RFC-022: Environment Variable Candidates Analysis¶
- Status: Completed (Historical Reference)
- Authors:
- Date: 2025-12-22
- Stakeholders: Maintainers, developers, DevOps engineers
- Related RFCs:
docs/rfc/RFC-013-openai-provider-implementation.md- OpenAI provider implementation (uses environment variables)- Related Documents:
docs/api/CONFIGURATION.md- Complete documentation of implemented environment variables
Overview¶
Note: This RFC documents the analysis and implementation plan for environment variable support. All recommended high and medium priority environment variables have been implemented.
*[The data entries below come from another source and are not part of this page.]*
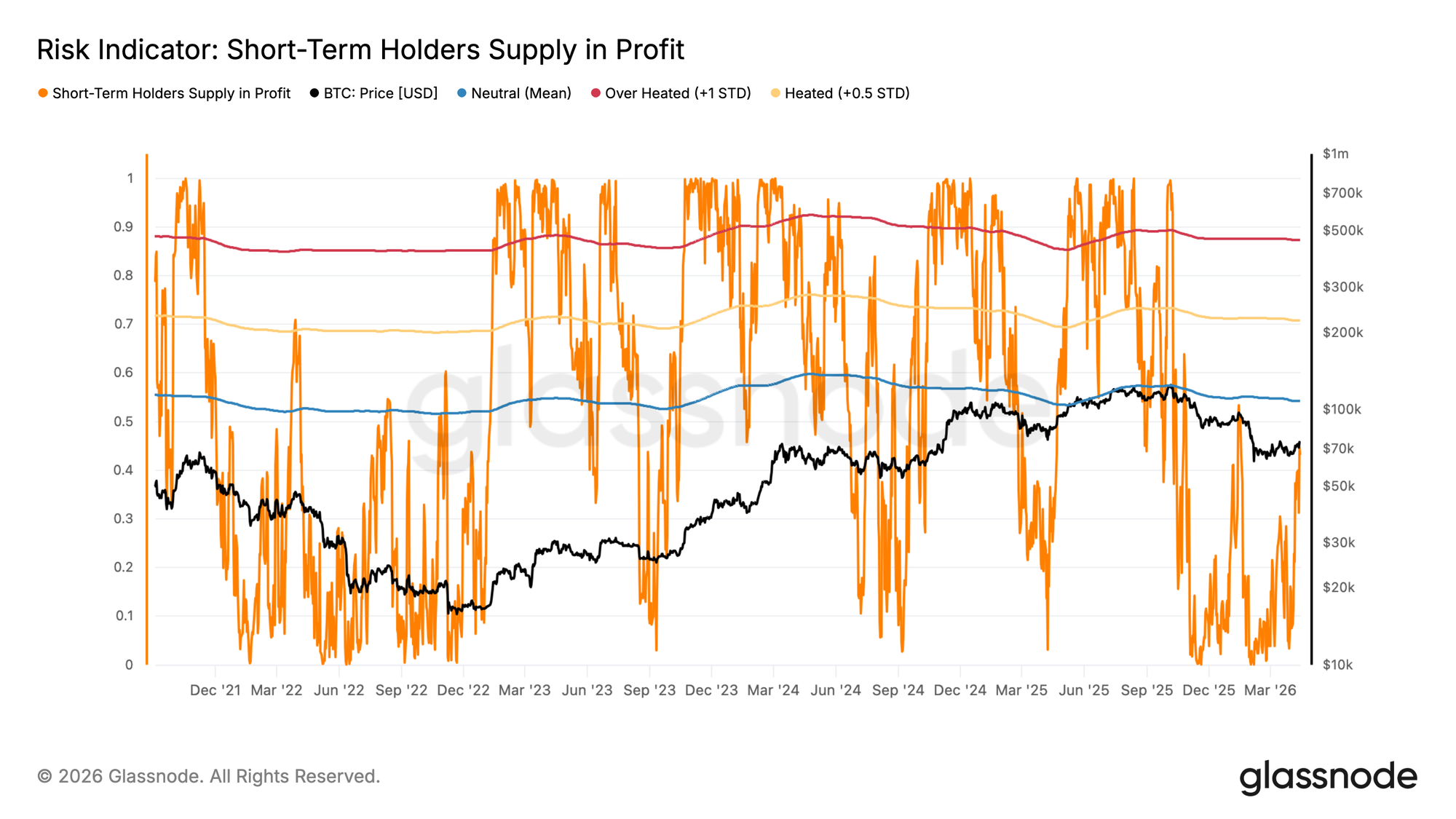 近期比特币价格触及7.6万美元水平,被多位市场观察者视为“动能转换”的关键标志,预示短期上涨趋势已获得基本面支持。根据Glassnode的链上追踪数据,当前短期持有者中处于未实现盈利状态的代币占比为43.2%,显著低于54.2%的历史均值临界点,表明本轮反弹尚未进入典型抛压集中区。
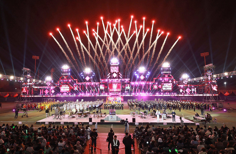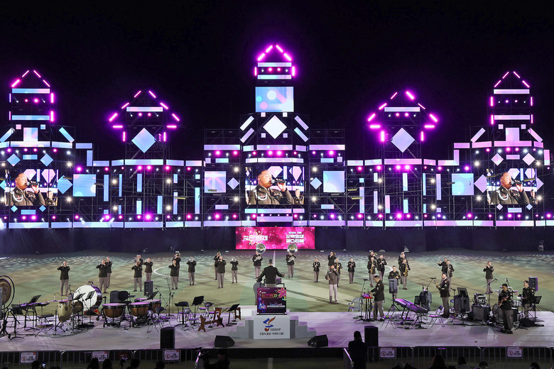 [창원시 세계타임즈=최성룡 기자] 3월 27일 오후 7시 진해공설운동장에서 제64회 진해군항제와 2026진해군악의장페스티벌 공동개막식이 성대하게 개최되었다. 이번 개막식은 내빈 인사말씀 없이 간소화된 방식으로 진행되었으며, 특히 군악대와 의장대의 환상적이 퍼포먼스는 참석자들에게 큰 감동과 흥미를 선사했다.
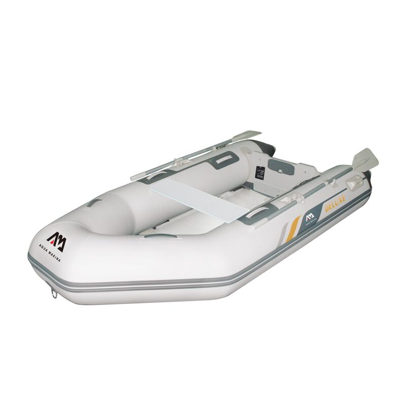 Das sportliche Schlauchboot DELUXE ist schnell aufgebaut und einsatzbereit. Es bietet bequem Platz für vier Personen. Durch die A-Form ist das Boot wendig und einfach zu manövrieren. Das Alu-Deck verleiht besondere Stabilität und sorgt für sicheren Stand der Passagiere. Für den einfachen Transport und die platzsparende Lagerung ist der Boden zerlegbar. Dank des robusten Heckbalkens hast du die Möglichkeit das Boot mit einem Aussenbordmotor auszustatten. Freue dich auf unbeschwerte Stunden auf dem Wasser mit diesem komfortablen und sicheren Schlauchboot von Aqua Marina!
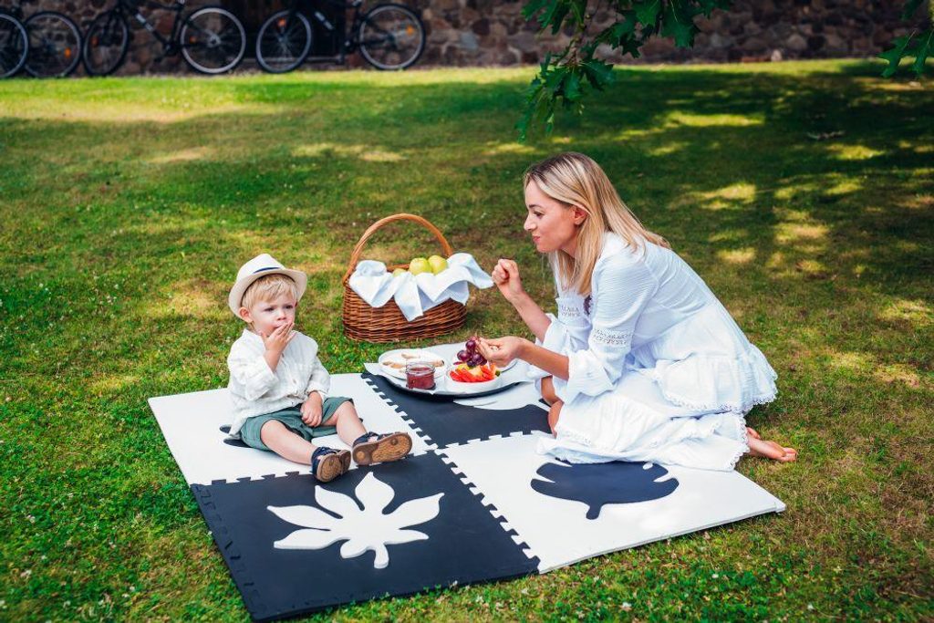 Velké prostorové listy, které jsou součástí puzzle, jsou pro dítě skvělou hračkou na hraní. Až z podložky vyrostou, můžete ji pomocí oboustranné lepicí pásky použít jako dekorativní prvek.
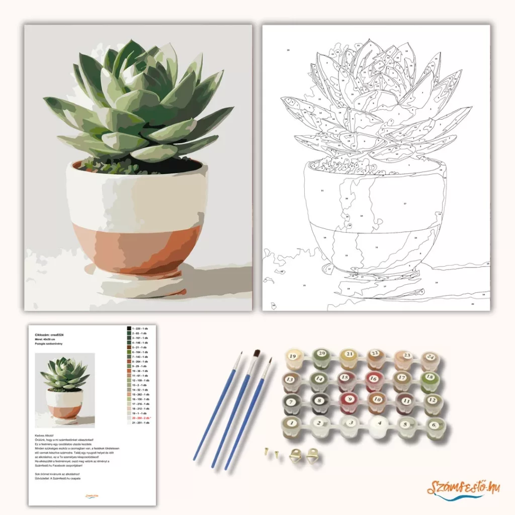 A képen egy pozsgás növény látható egy krémszínű kerámia cserépben, fehér háttér előtt. A húsos levelek rétegesen nyílnak szét, friss, nyugodt hangulatot adva. Letisztult, világos látvány, ami jól illik modern otthoni vagy irodai környezetbe. Ez a számfestő készlet tökéletes választás, ha egyedi dekorációval tennéd szebbé otthonodat, vagy ha különleges ajándékot keresel. A csomagban minden megtalálható, amire a festéshez szükséged van.
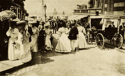 "My dear, just look at those petticoats and stockings!" she gasped. "The creatures haven't any idea of hiding them. I've been watching for two mortal hours and there hasn't been a let-up yet. Some are finer than others, that's all. But they're all showy, and every single woman has her dress tucked up so[Pg 19] you can't miss them. When I saw the first ones I thought I'd struck the French women you read about,—the ones who aren't proper, you know, and I was so interested; but then they kept coming so steadily that I got all mixed up. Hundreds have gone by, all holding their skirts like that and every one of them swishing silk or lace ruffles and showing silk stockings,—and it isn't humanly possible, even in Paris, that they're all bad, now is it?"
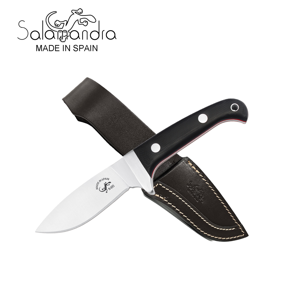 This Salamandra hunting knife is hand crafted in Spain. The BOHLER N695 Stainless Steel Blade boasts superb quality with a high class finish G10 handle and hand made brown leather sheath. This knife is built to work hard and last a lifetime.
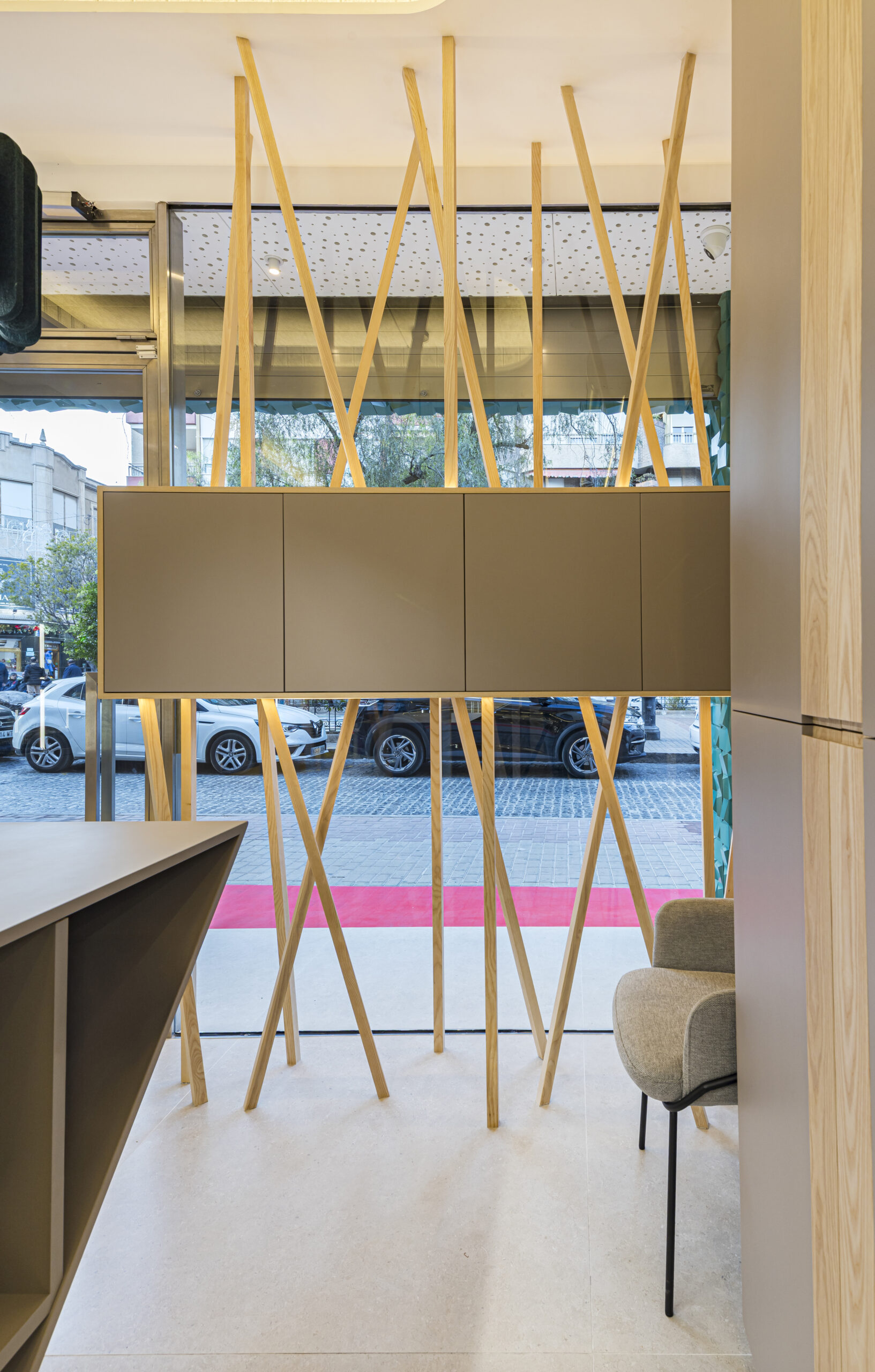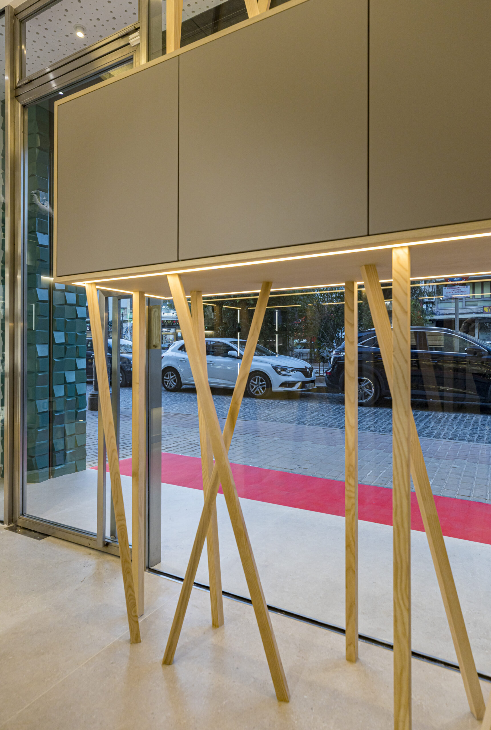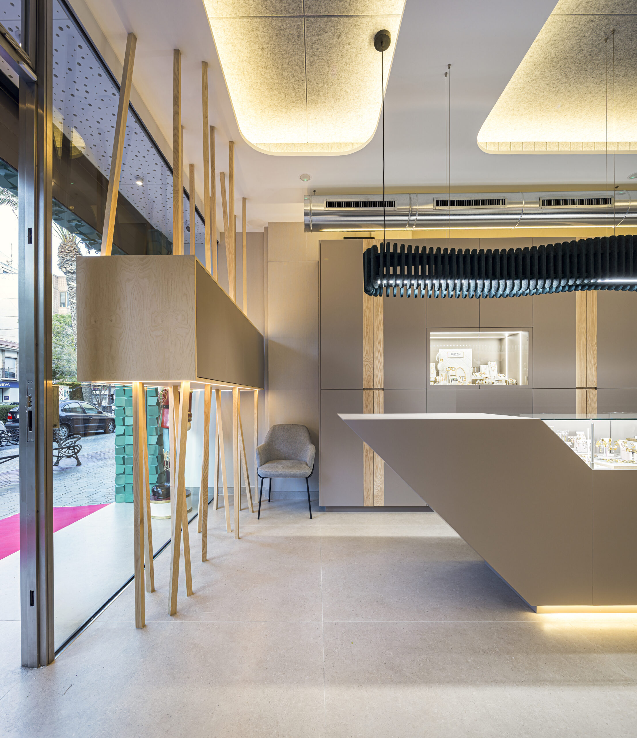 Especial protagonismo adquiere el escaparate, concebido como una auténtica pieza arquitectónica. La palillería de fresno macizo acabado natural crea un marcado efecto flotante, elevando visualmente el mueble y aportando dinamismo, profundidad y una imagen distintiva desde el exterior. Este diálogo entre madera, luz y volumen convierte el escaparate en un elemento icónico y reconocible del proyecto.

This document is kept as a historical reference for understanding the design decisions.
Purpose: Analyze all configuration options to identify good candidates for environment variable support
Current State¶
Currently supported environment variables:
- ✅
OPENAI_API_KEY- API key (security-sensitive) - ✅
LOG_LEVEL- Runtime logging control
Analysis Framework¶
We evaluate candidates based on:
- Security: Contains sensitive data (API keys, secrets)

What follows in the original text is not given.